**Source data**
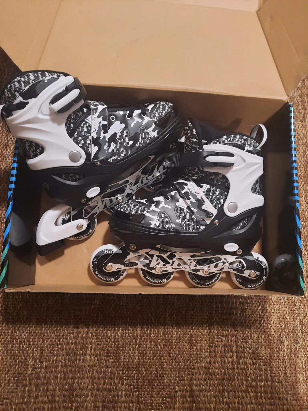 Kuxuan adjustable inline skates in a camo black design. These skates are designed for boys and girls, featuring light-up wheels. Comes with original box . Youth size large. 3-6
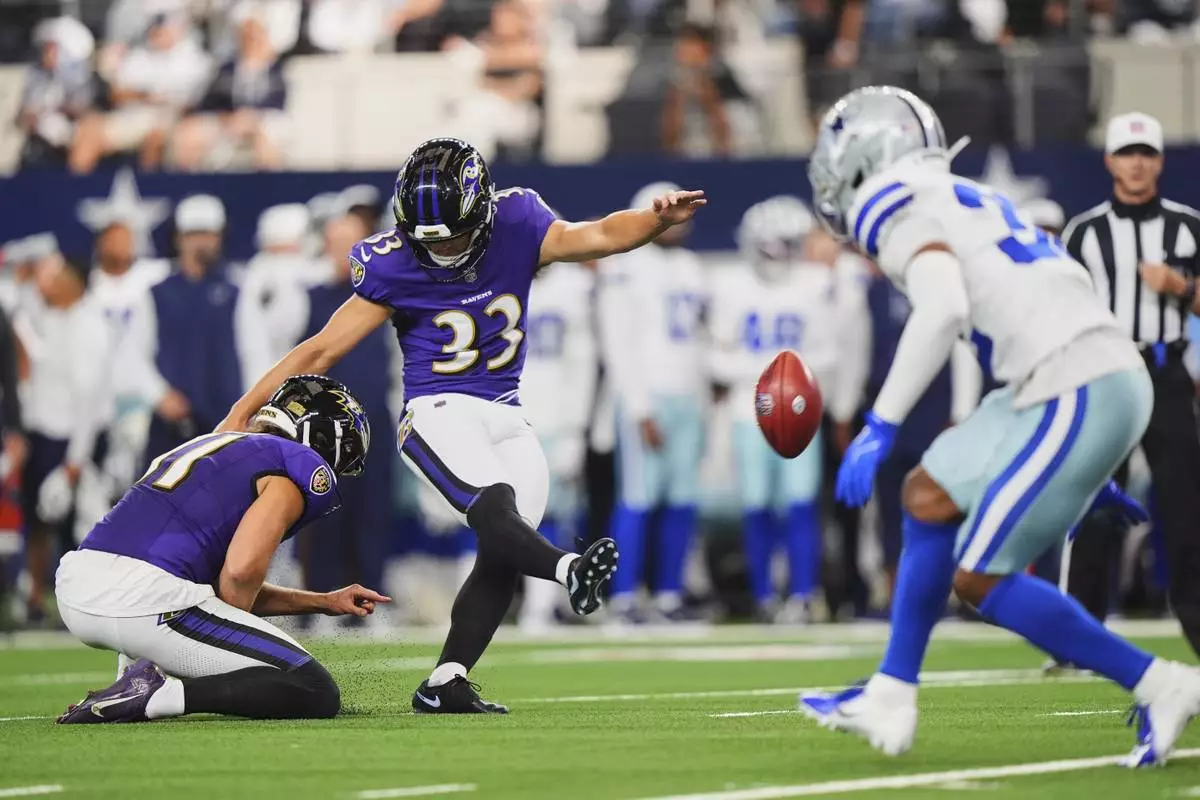 Baltimore Ravens place kicker Tyler Loop (33) kicks a field goal in the first half of a preseason NFL football game against the Dallas Cowboys Saturday, Aug. 16, 2025, in Arlington, Texas. (AP Photo/LM Otero)
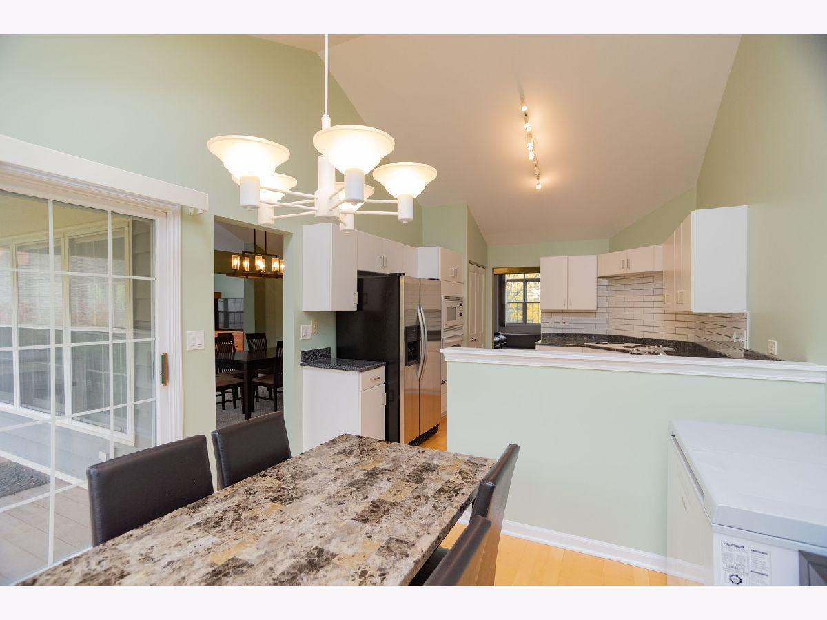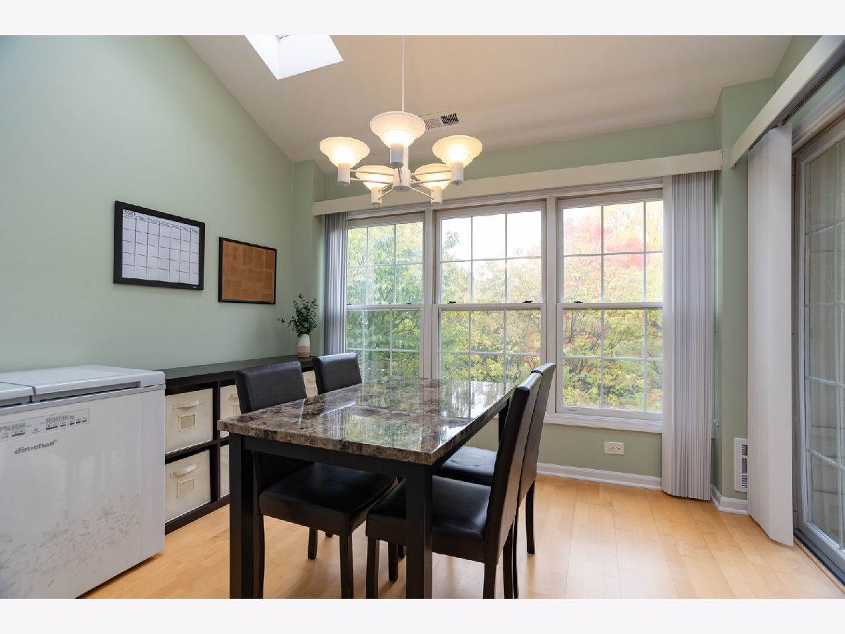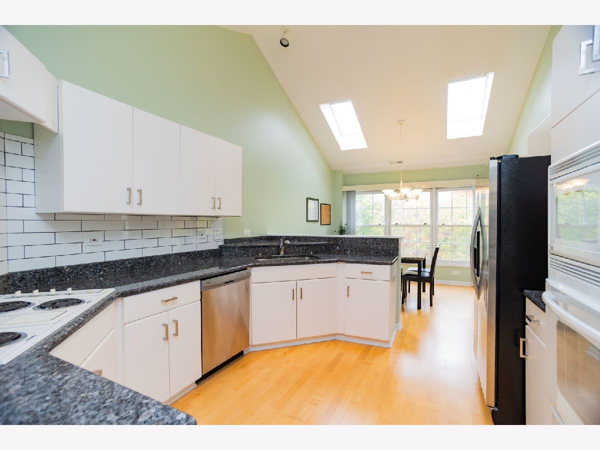 Welcome to this spacious, 2nd floor open concept home, located in Princeton Village! This beautiful 3 bedroom home has so much to offer! You are immediately welcomed by soaring cathedral ceilings with natural light flooding in from the skylights and a formal dining area. The large windows and the balcony offer a charming view of the outside garden. The eat in kitchen features granite countertops with a door to the balcony. The cozy family room has a gas fireplace with custom-designed built-in cabinetry. The master bedroom comes with a walk-in closet and newly remodeled bathroom. The second bedroom has plenty of space and an updated bathroom. This gated community has landscaped grounds and walking paths, outdoor pool and clubhouse. Conveniently located by The Glen, Metra, great restaurants, shopping, parks, award winning Glenview Schools and Interstate 294!
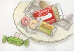 今回は用意してもらったカラフルな輸入物のお菓子と持参した小皿がモチーフ。
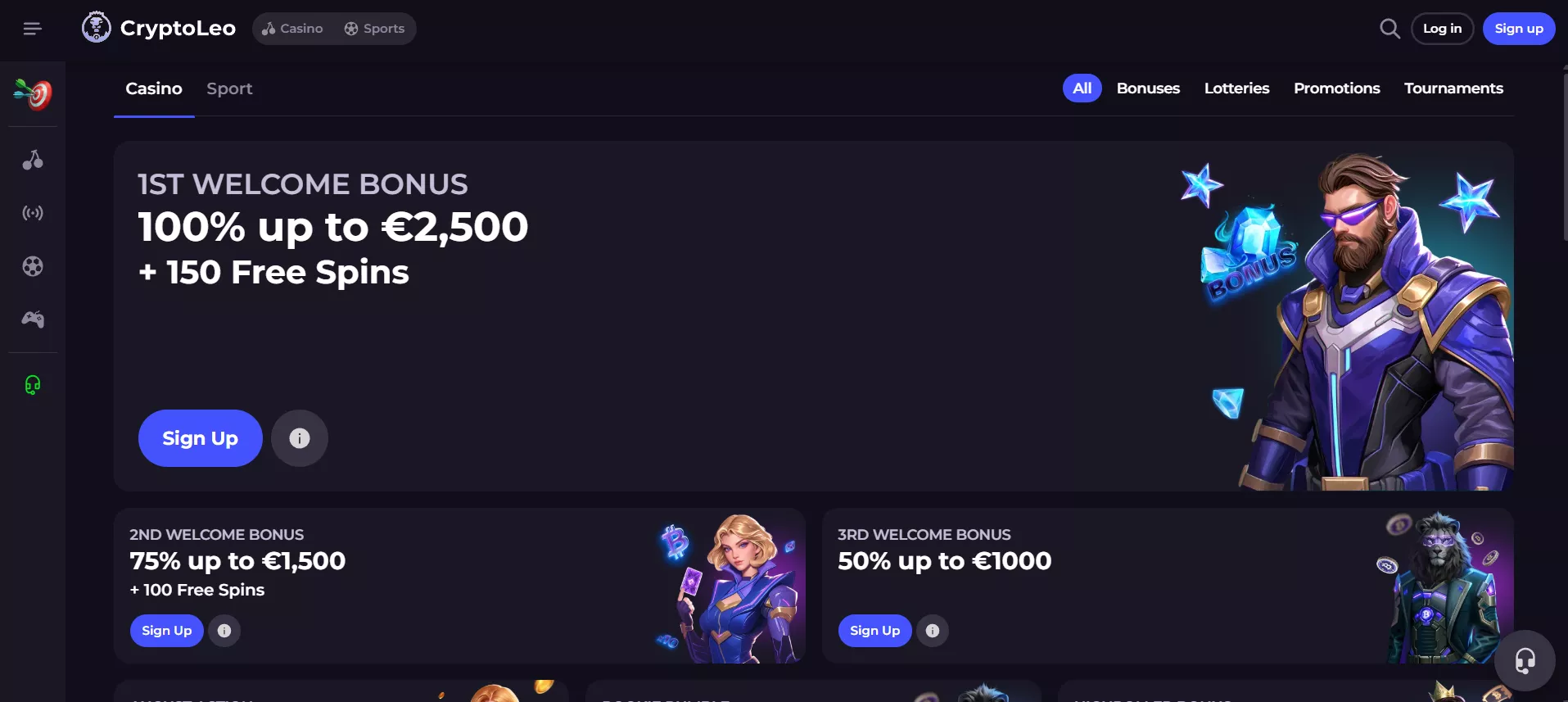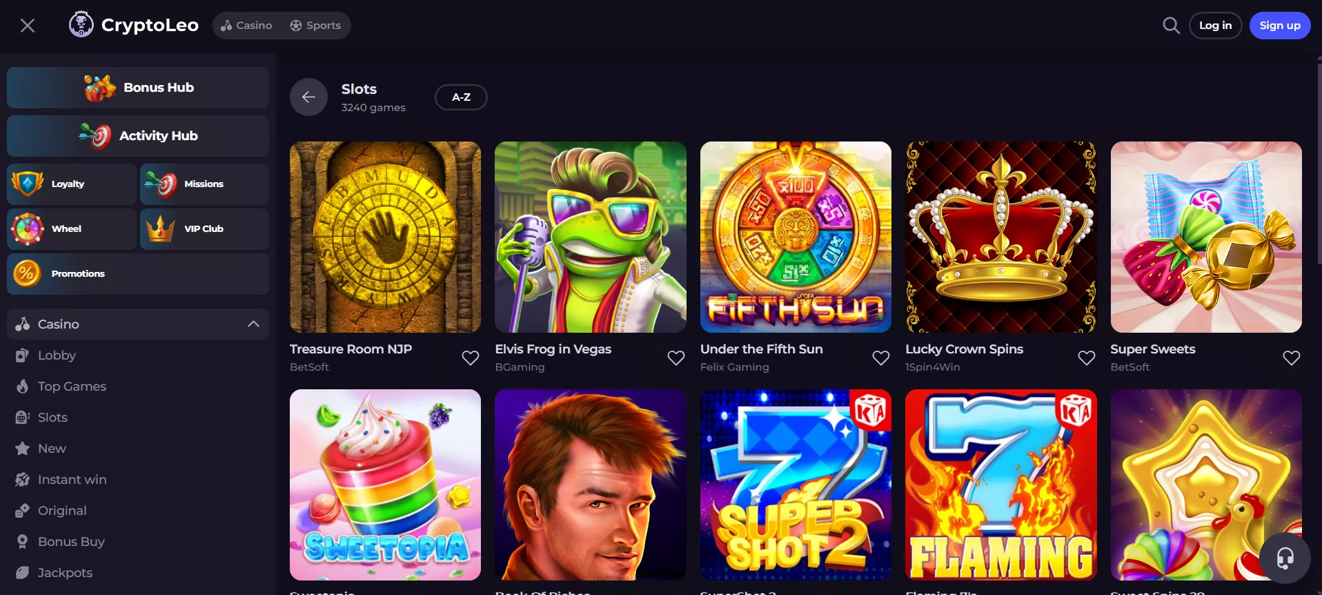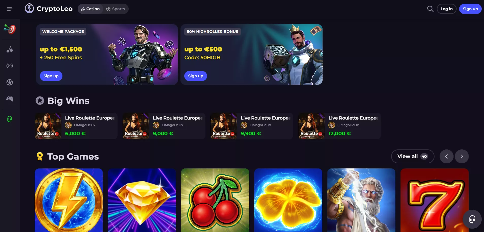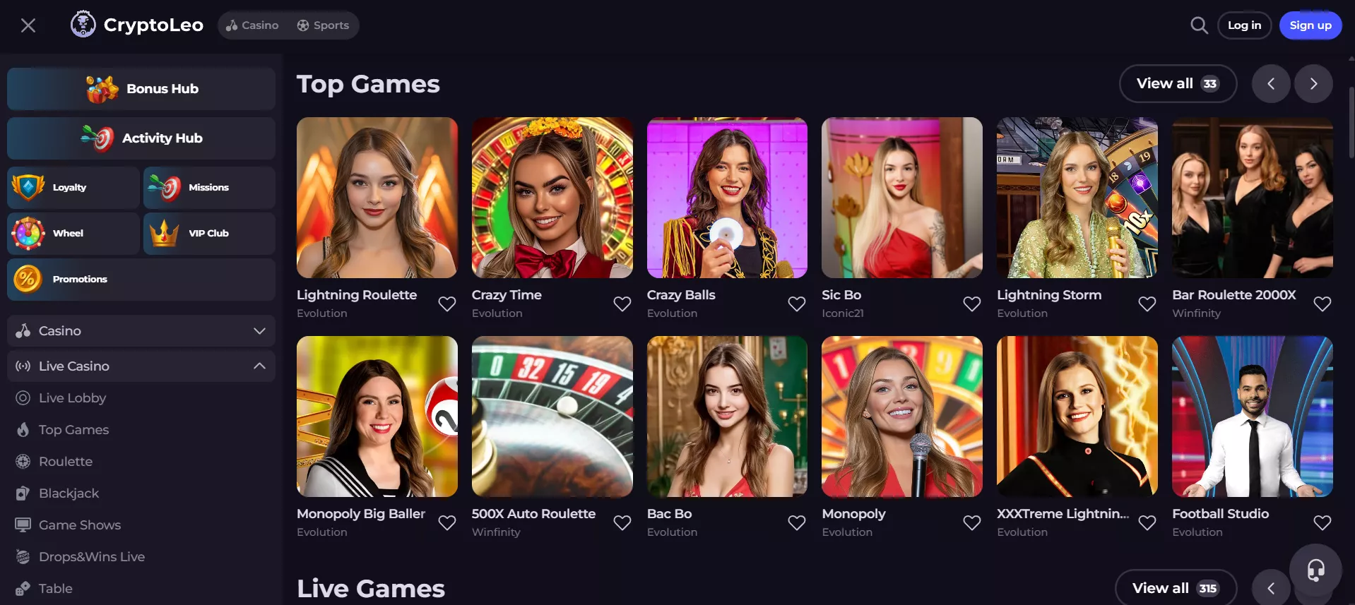 Il portfolio di Crypto Leo vanta oltre 7.500 titoli forniti da 72 sviluppatori premium, inclusi Pragmatic Play, Evolution Gaming, Hacksaw Gaming, Push Gaming e Yggdrasil. La piattaforma si aggiorna quotidianamente con nuove release per mantenere l’offerta sempre attuale.

**Work instruction**
Reproduce the entries above word for word. Pictures stay out.

**Reply**
 Kuxuan adjustable inline skates in a camo black design. These skates are designed for boys and girls, featuring light-up wheels. Comes with original box . Youth size large. 3-6
 Baltimore Ravens place kicker Tyler Loop (33) kicks a field goal in the first half of a preseason NFL football game against the Dallas Cowboys Saturday, Aug. 16, 2025, in Arlington, Texas. (AP Photo/LM Otero)
 Welcome to this spacious, 2nd floor open concept home, located in Princeton Village! This beautiful 3 bedroom home has so much to offer! You are immediately welcomed by soaring cathedral ceilings with natural light flooding in from the skylights and a formal dining area. The large windows and the balcony offer a charming view of the outside garden. The eat in kitchen features granite countertops with a door to the balcony. The cozy family room has a gas fireplace with custom-designed built-in cabinetry. The master bedroom comes with a walk-in closet and newly remodeled bathroom. The second bedroom has plenty of space and an updated bathroom. This gated community has landscaped grounds and walking paths, outdoor pool and clubhouse. Conveniently located by The Glen, Metra, great restaurants, shopping, parks, award winning Glenview Schools and Interstate 294!
 今回は用意してもらったカラフルな輸入物のお菓子と持参した小皿がモチーフ。
 Il portfolio di Crypto Leo vanta oltre 7.500 titoli forniti da 72 sviluppatori premium, inclusi Pragmatic Play, Evolution Gaming, Hacksaw Gaming, Push Gaming e Yggdrasil. La piattaforma si aggiorna quotidianamente con nuove release per mantenere l’offerta sempre attuale.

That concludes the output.